I. What is Calculus? Calculus is the branch of mathematics that deals with the finding and properties of derivatives and integrals of functions, by methods originally based on the summation of infinitesimal differences. a. Differential Calculus – concerned with the determination, properties, and application of derivatives and differentials. b. Integral Calculus – concerned with the determination, properties, and application of integrals. II. Brief History of Calculus Calculus was created by Isaac Newton, a British scientist, as well as Gottfried Leibniz, a self-taught German mathematician, in the 17th century.

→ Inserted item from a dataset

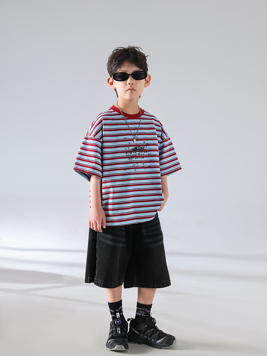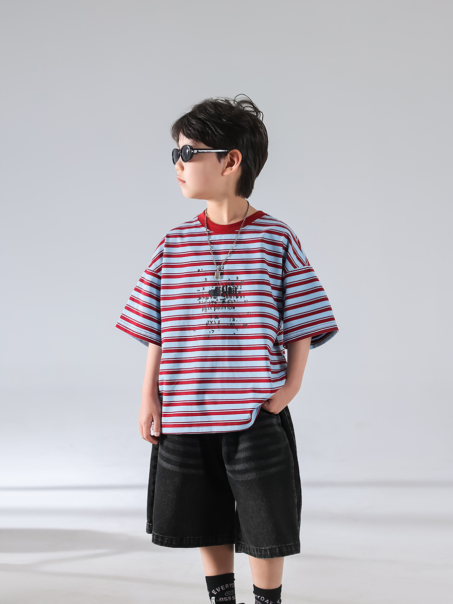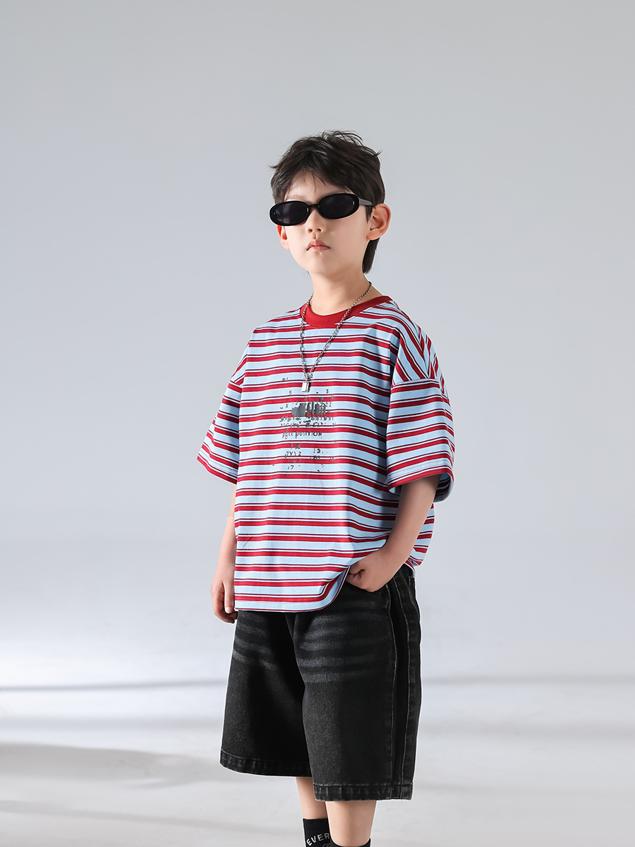 남아 여름 티셔츠 2025 신상 아동 한국 스타일 스트라이프 반팔 세트 스포츠 청바지 반바지 아동복 트렌드스토어 가기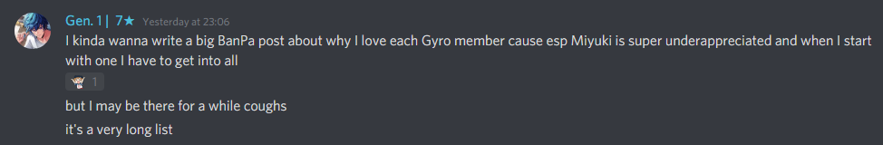 this segment feels like it's not making any sense but that's because Nayuta is incredibly hard to talk about?? he really shouldn't be, but he is?? I love his dedication, how hard he works, his brutal honesty, the depth of his emotions which we've really only seen in his songs up till now but are slowly unravelling with the stories, his interactions and how certain people (see Fuuta & Ren, did I mention I ADORE uni 1st yrs vocalist trio) can catch him off guard just like that ... and yet I can't really put it in words ... even going deeper into analysing him like I did the other Gyro members doesn't rly work because he's just Nayuta. I'm glad that he is, but he sure is being difficult even with me, huh ...

It has been long disputed who should take credit for inventing calculus first, but both independently made discoveries that led to what we know now as calculus. Newton discovered the inverse relationship between the derivative (slope of a curve) and the integral (the area beneath it), which deemed him as the creator of calculus. Thereafter, calculus was actively used to solve the major scientific dilemmas of the time, such as:

a. calculating the slope of the tangent line to a curve at any point along its length b. etermining the velocity and acceleration of an object given a function describing its position, and designing such a position function given the object’s velocity or acceleration c. calculating arc lengths and the volume and surface area of solids d. calculating the relative and absolute extrema of objects, especially projectiles For Newton, the applications for calculus were geometrical and related to the physical world – such as describing the orbit of the planets around the sun. For Leibniz, calculus was more about analysis of change in graphs.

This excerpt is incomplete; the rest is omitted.